Vatandaşlarımızın şikayette bulundukları Şehit Erkut Akbay Mahallesi sınırları içinde 105 dönümlük alan, Cumhurbaşkanı Kararı ile "riskli alan" ilan edilmiş, karar 21 Ağustos 2020 tarihli Resmi Gazetede yayımlanarak yürürlüğe girmiştir.
Konuyla ilgili Yüreğir İlçe Belediye Başkanı Fatih Mehmet Kocaispir açıklamalarında; 104 dönümlük alanda ilk etapta yaklaşık 46 dönümde dönüşüm yapılacağını, gazetelerde yer alan ifadesiyle Bakanlığın firması olarak belirttiği GEDAŞ firması tarafından değer tespit çalışmalarının yapılacağını beyan etmiştir.

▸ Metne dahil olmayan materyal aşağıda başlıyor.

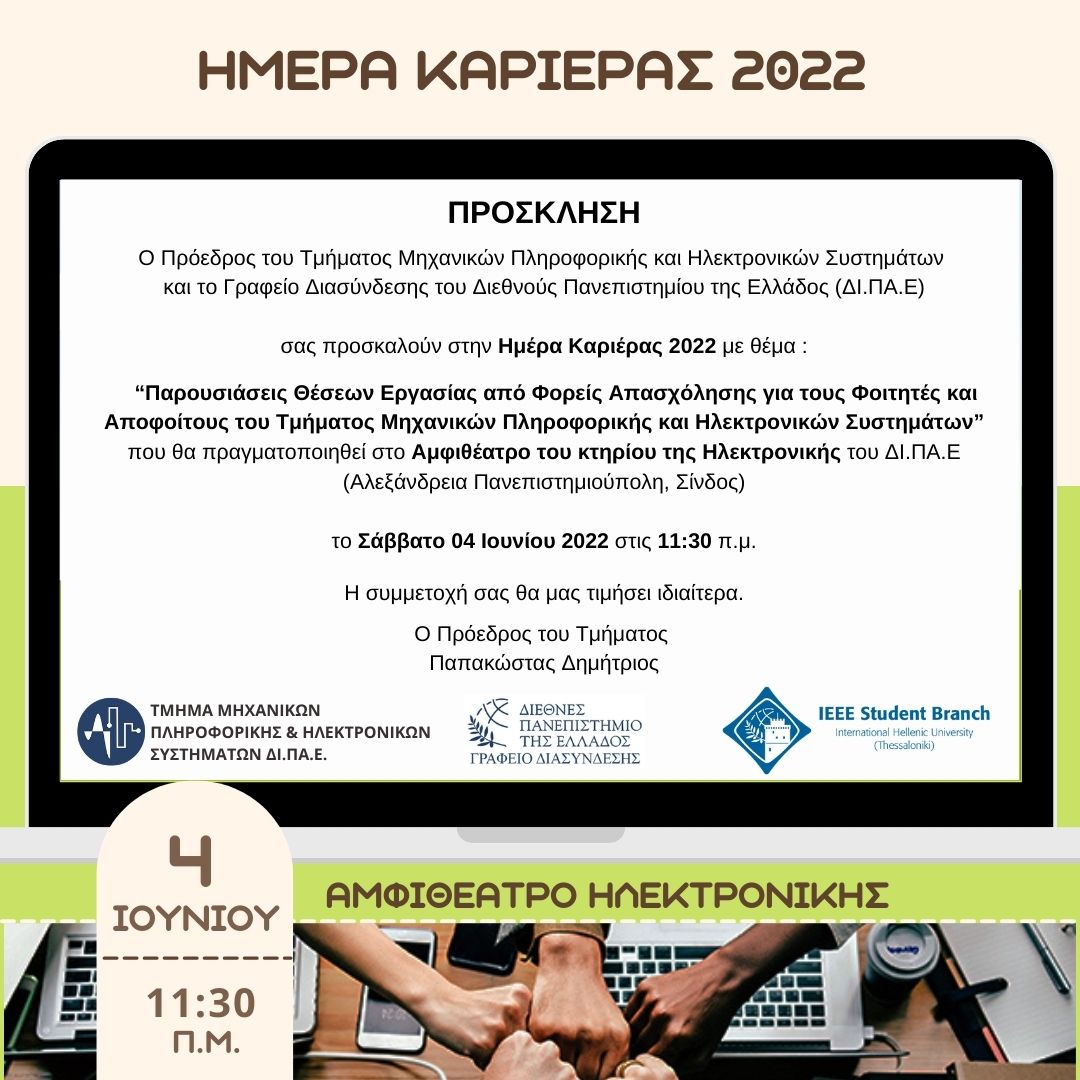 (Ελληνικά) Ημέρα Καριέρας, Σάββατο 04/06/2022, 11:30-14:00

Vatandaşlara gelen tebligattan Çevre ve Şehircilik Bakanlığının 31.08.2020 tarihli oluru ile söz konusu alanda yürütülecek çalışmaların 6306 sayılı Afet Riski Altındaki Alanların Dönüştürülmesi Hakkındaki Kanunun 6/A maddesi uyarınca re`sen yapılmasının uygun görüldüğü bildirilmektedir. Bu madde; çalışmaların vatandaşın oluru alınmadan yapılabileceğini işaret etmektedir.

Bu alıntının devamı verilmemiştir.